→ Exercise directions: Please give the entries below again exactly, omitting every picture.

→ Data shown:
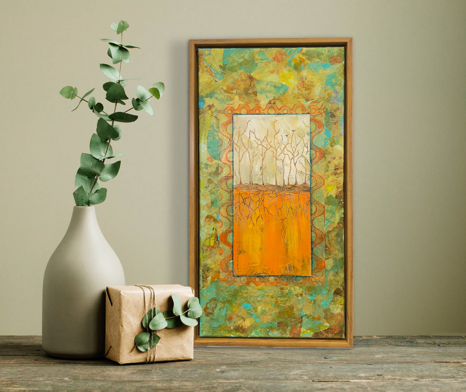 "And the Trees Will Survive" is a thoughtful depiction of the hidden strength beneath nature's canopy, illustrating the intricate roots that support towering trees and the birds that inhabit their branches. This painting invites reflection on resilience and interconnectedness, capturing the quiet power that sustains life above and below ground with graceful, sophisticated artistry.
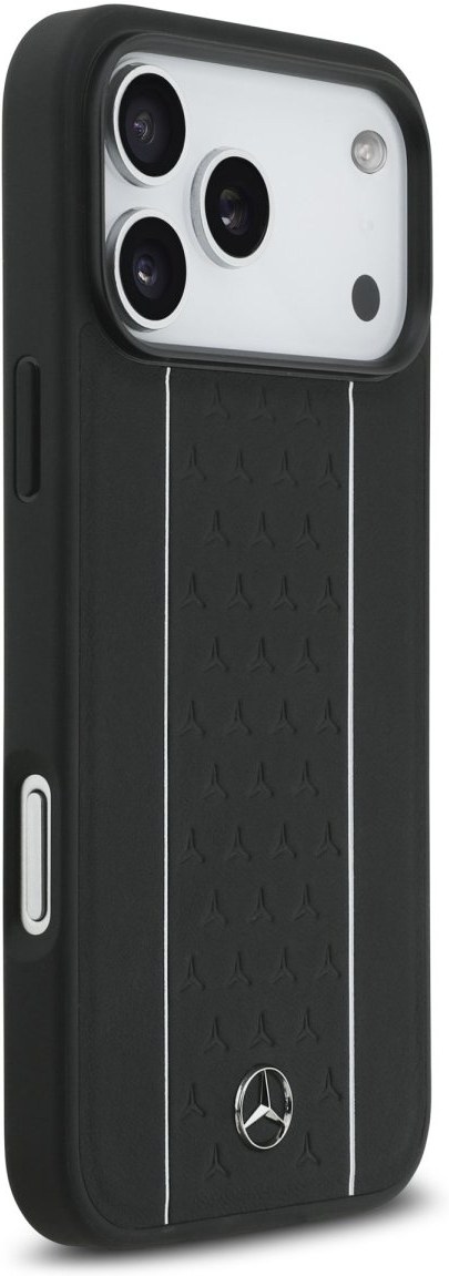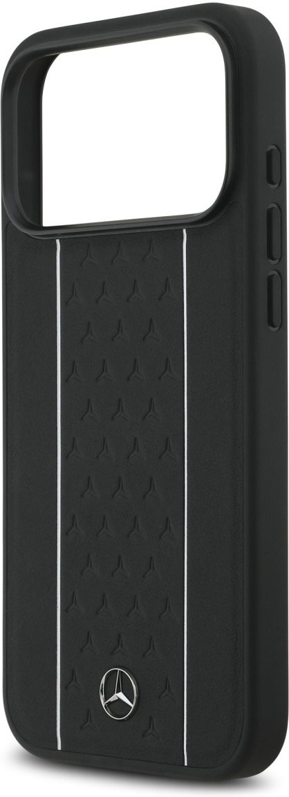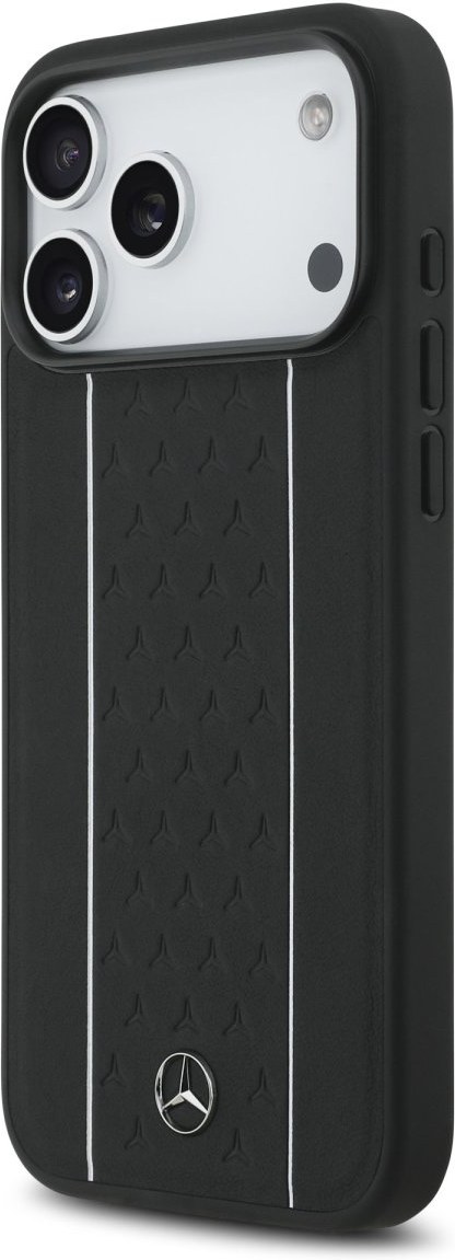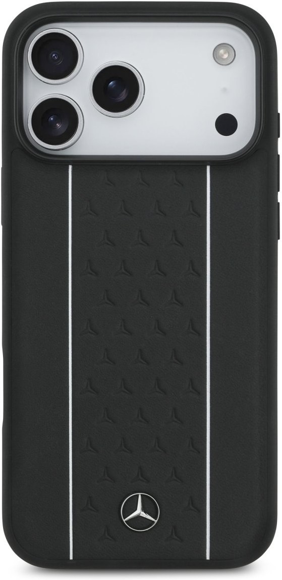 Mercedes Leather Star Pattern and Stripes MagSafe kryt pre iPhone 17 Pro Max, čierno-biely
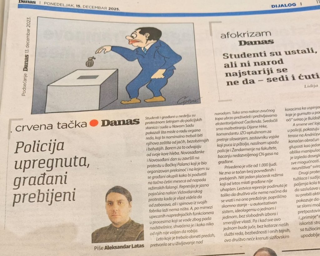 - Represija je jasno pojačana nakon Vidovdanskog protesta kada je vlast videla da od zaborava, ali i spinova iz svojih fabrika laži nema ništa. A po mimezi upecanih naprednjačkih funkcionera u procesima koji se vode zbog pada nadstrešnice, shvaćeno je i kako niko od njih nije voljan da robija - piše Latas u tekstu u kom optužuje vlast i policiju za represiju, a ne spominje užasno nasilje u režiji blokadera koje je prethodnih 12 meseci, posebno tokom leta, viđeno na ulicama gradova širom Srbije.
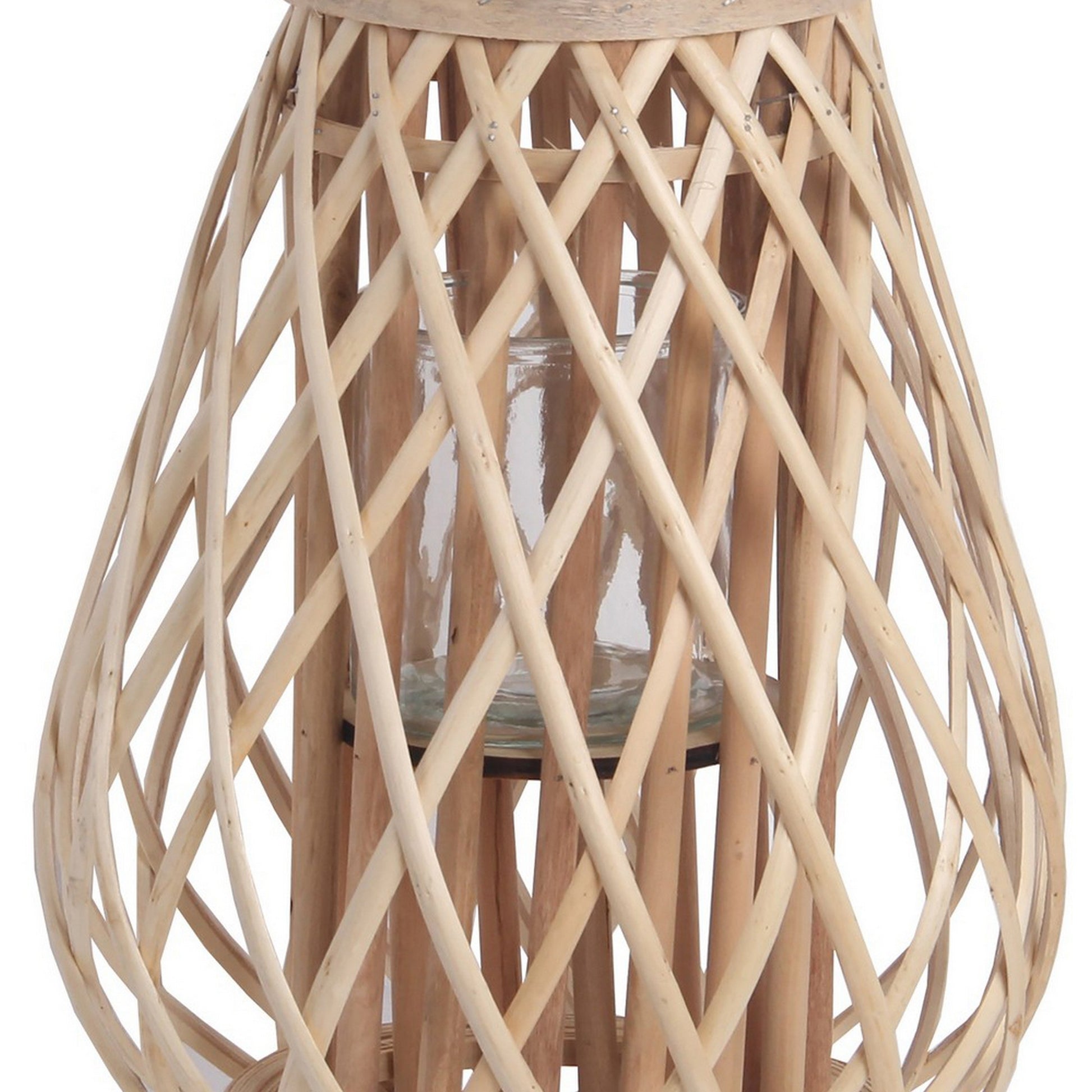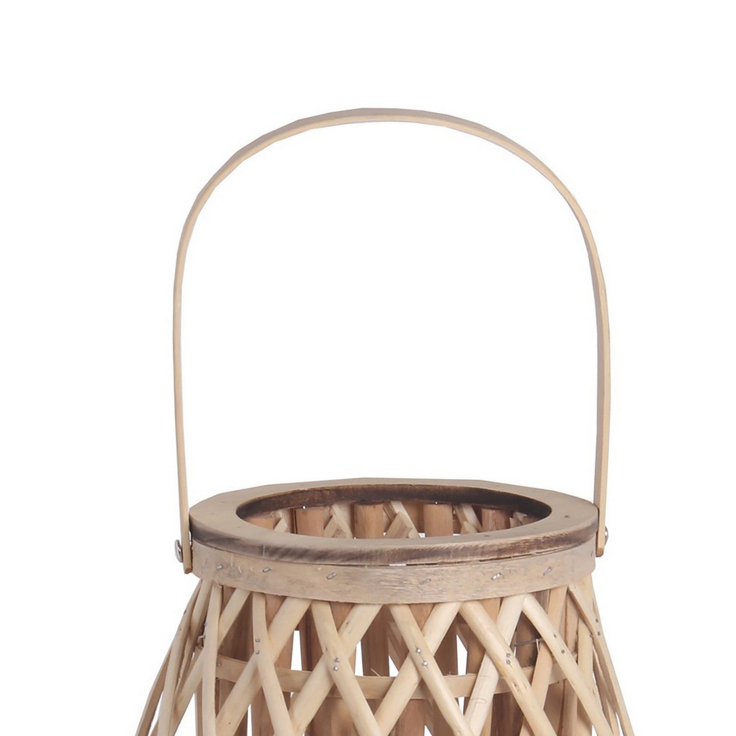 Enlighten your living room by lighting a candle with this elegant Lantern. Constructed from bamboo in a natural brown finish and showcasing a bellied shape, it features a lattice design and woven banded top. The curved handles are provided for hanging purposes.
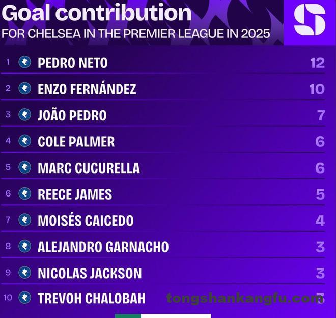 英超第11轮比赛,切尔西3-0战胜狼队,佩德罗-内托破门,据足球数据统计网站Squawka的统计,佩德罗-内托2025年在英超打进6粒进球,贡献助攻6次,他是切尔西队内同期唯一英超进球5+且助攻5+的球员。
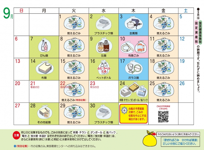 - 同じ日に収集するものでも、ごみ分別表に従ってダンボールと紙パック、電池と蛍光管・体温計はそれぞれ別の袋で出してください。
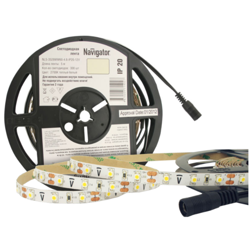 Светодиодная лента Navigator NLS-3528WW60-4.8-IP20-12V R5 5 м
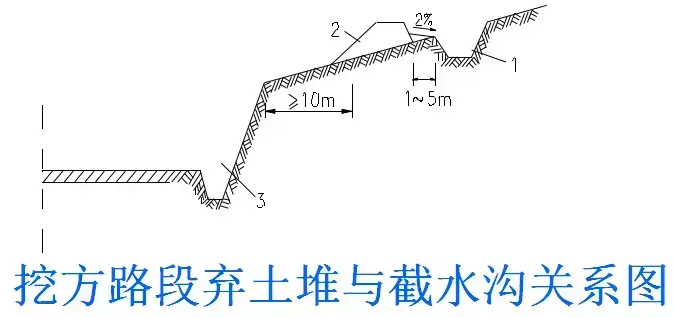2.截水溝:又稱(chēng)天溝,一般設(shè)置在挖方路基邊坡坡頂以外,或山坡路堤上方的適當(dāng)?shù)攸c(diǎn),用以攔截并排除路基上方流向路基的地面徑流。

→ Your response:
 "And the Trees Will Survive" is a thoughtful depiction of the hidden strength beneath nature's canopy, illustrating the intricate roots that support towering trees and the birds that inhabit their branches. This painting invites reflection on resilience and interconnectedness, capturing the quiet power that sustains life above and below ground with graceful, sophisticated artistry.
 Mercedes Leather Star Pattern and Stripes MagSafe kryt pre iPhone 17 Pro Max, čierno-biely
 - Represija je jasno pojačana nakon Vidovdanskog protesta kada je vlast videla da od zaborava, ali i spinova iz svojih fabrika laži nema ništa. A po mimezi upecanih naprednjačkih funkcionera u procesima koji se vode zbog pada nadstrešnice, shvaćeno je i kako niko od njih nije voljan da robija - piše Latas u tekstu u kom optužuje vlast i policiju za represiju, a ne spominje užasno nasilje u režiji blokadera koje je prethodnih 12 meseci, posebno tokom leta, viđeno na ulicama gradova širom Srbije.
 Enlighten your living room by lighting a candle with this elegant Lantern. Constructed from bamboo in a natural brown finish and showcasing a bellied shape, it features a lattice design and woven banded top. The curved handles are provided for hanging purposes.
 英超第11轮比赛,切尔西3-0战胜狼队,佩德罗-内托破门,据足球数据统计网站Squawka的统计,佩德罗-内托2025年在英超打进6粒进球,贡献助攻6次,他是切尔西队内同期唯一英超进球5+且助攻5+的球员。
 - 同じ日に収集するものでも、ごみ分別表に従ってダンボールと紙パック、電池と蛍光管・体温計はそれぞれ別の袋で出してください。
 Светодиодная лента Navigator NLS-3528WW60-4.8-IP20-12V R5 5 м
2.截水溝:又稱(chēng)天溝,一般設(shè)置在挖方路基邊坡坡頂以外,或山坡路堤上方的適當(dāng)?shù)攸c(diǎn),用以攔截并排除路基上方流向路基的地面徑流。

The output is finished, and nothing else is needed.